▶ DATA FOR REVIEW
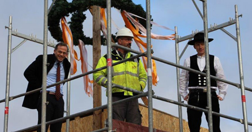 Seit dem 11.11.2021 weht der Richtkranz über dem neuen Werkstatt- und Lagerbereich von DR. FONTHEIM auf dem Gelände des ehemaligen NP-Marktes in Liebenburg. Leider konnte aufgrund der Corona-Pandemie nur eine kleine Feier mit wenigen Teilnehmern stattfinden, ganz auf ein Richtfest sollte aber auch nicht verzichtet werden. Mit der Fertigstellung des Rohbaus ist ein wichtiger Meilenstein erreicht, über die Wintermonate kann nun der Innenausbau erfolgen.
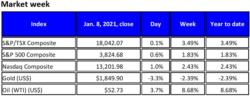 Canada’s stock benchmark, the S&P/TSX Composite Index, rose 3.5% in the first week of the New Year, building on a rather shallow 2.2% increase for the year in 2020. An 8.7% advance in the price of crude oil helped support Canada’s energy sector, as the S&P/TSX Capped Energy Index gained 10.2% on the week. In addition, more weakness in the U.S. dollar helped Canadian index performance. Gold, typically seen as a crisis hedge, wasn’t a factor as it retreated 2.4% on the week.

==

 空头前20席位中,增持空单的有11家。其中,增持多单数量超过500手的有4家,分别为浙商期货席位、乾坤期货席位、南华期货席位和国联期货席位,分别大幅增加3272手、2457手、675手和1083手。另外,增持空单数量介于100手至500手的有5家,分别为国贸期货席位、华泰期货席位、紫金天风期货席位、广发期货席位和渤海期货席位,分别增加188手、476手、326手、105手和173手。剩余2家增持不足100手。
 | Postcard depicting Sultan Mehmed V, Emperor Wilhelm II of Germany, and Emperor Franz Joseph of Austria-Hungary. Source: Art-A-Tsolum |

▶ TASK GOAL
Within the data above, the lines from the one with "空头前20席位中,增持空单的" to the one with "Source: Art-A-Tsolum |" must be repeated exactly; no other line belongs in the answer.

▶ TASK OUTPUT
 空头前20席位中,增持空单的有11家。其中,增持多单数量超过500手的有4家,分别为浙商期货席位、乾坤期货席位、南华期货席位和国联期货席位,分别大幅增加3272手、2457手、675手和1083手。另外,增持空单数量介于100手至500手的有5家,分别为国贸期货席位、华泰期货席位、紫金天风期货席位、广发期货席位和渤海期货席位,分别增加188手、476手、326手、105手和173手。剩余2家增持不足100手。
 | Postcard depicting Sultan Mehmed V, Emperor Wilhelm II of Germany, and Emperor Franz Joseph of Austria-Hungary. Source: Art-A-Tsolum |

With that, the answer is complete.